Required action: Print every line from the start of the data, and when you reach the line with "Layout: 2 private", include it and stop. Pictures are not part of the copy.

Available data:
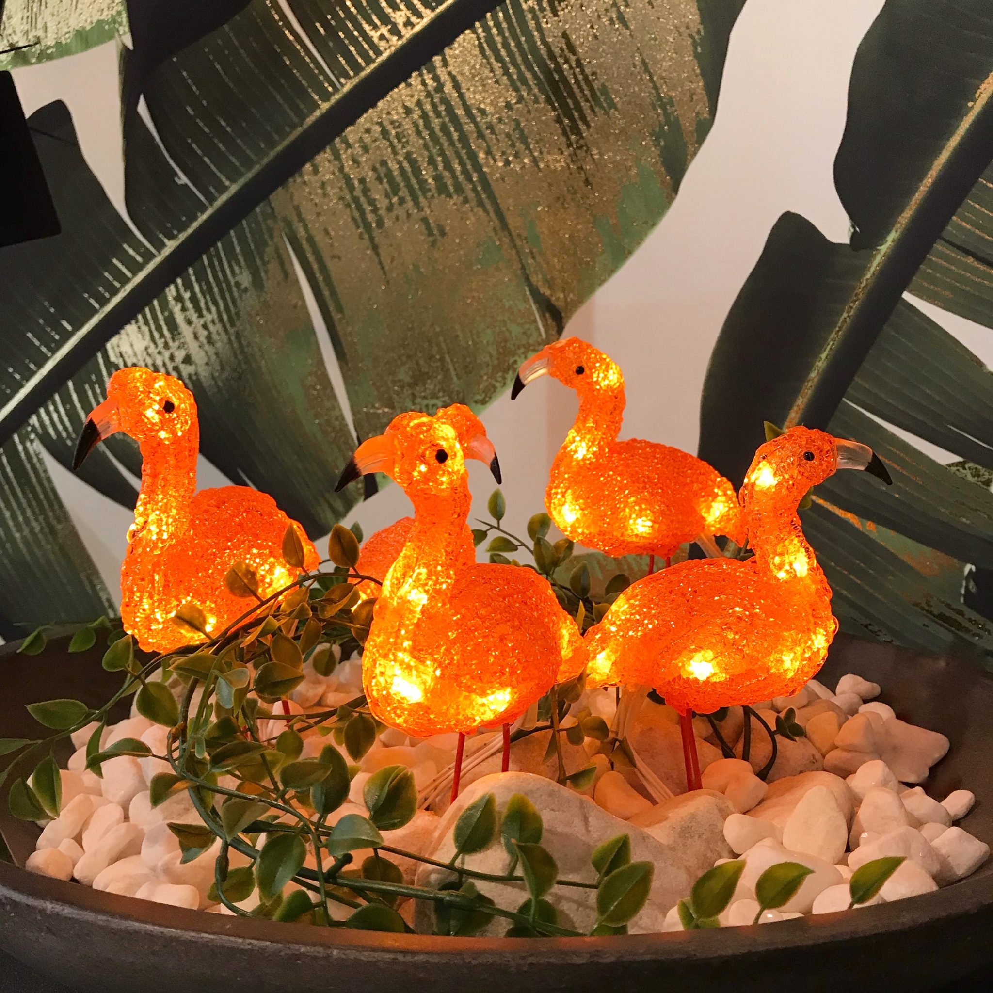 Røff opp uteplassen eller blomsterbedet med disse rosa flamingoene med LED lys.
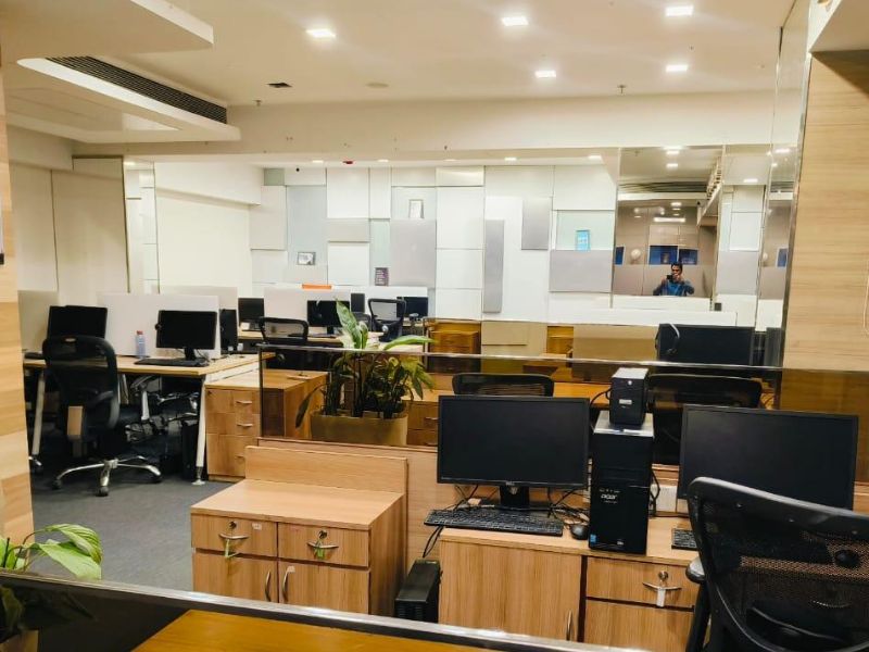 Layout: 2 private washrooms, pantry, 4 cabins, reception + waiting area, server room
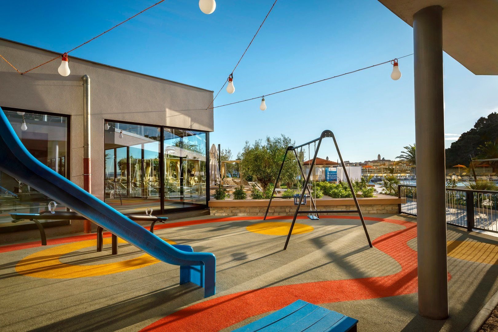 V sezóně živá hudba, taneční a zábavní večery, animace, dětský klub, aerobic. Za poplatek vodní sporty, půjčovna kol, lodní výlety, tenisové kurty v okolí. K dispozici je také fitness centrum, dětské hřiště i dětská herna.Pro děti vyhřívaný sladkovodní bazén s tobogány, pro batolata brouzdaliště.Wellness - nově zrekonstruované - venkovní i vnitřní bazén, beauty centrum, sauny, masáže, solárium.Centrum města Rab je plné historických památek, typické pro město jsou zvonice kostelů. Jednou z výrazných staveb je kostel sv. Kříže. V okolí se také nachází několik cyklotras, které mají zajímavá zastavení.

Your response:
 Røff opp uteplassen eller blomsterbedet med disse rosa flamingoene med LED lys.
 Layout: 2 private washrooms, pantry, 4 cabins, reception + waiting area, server room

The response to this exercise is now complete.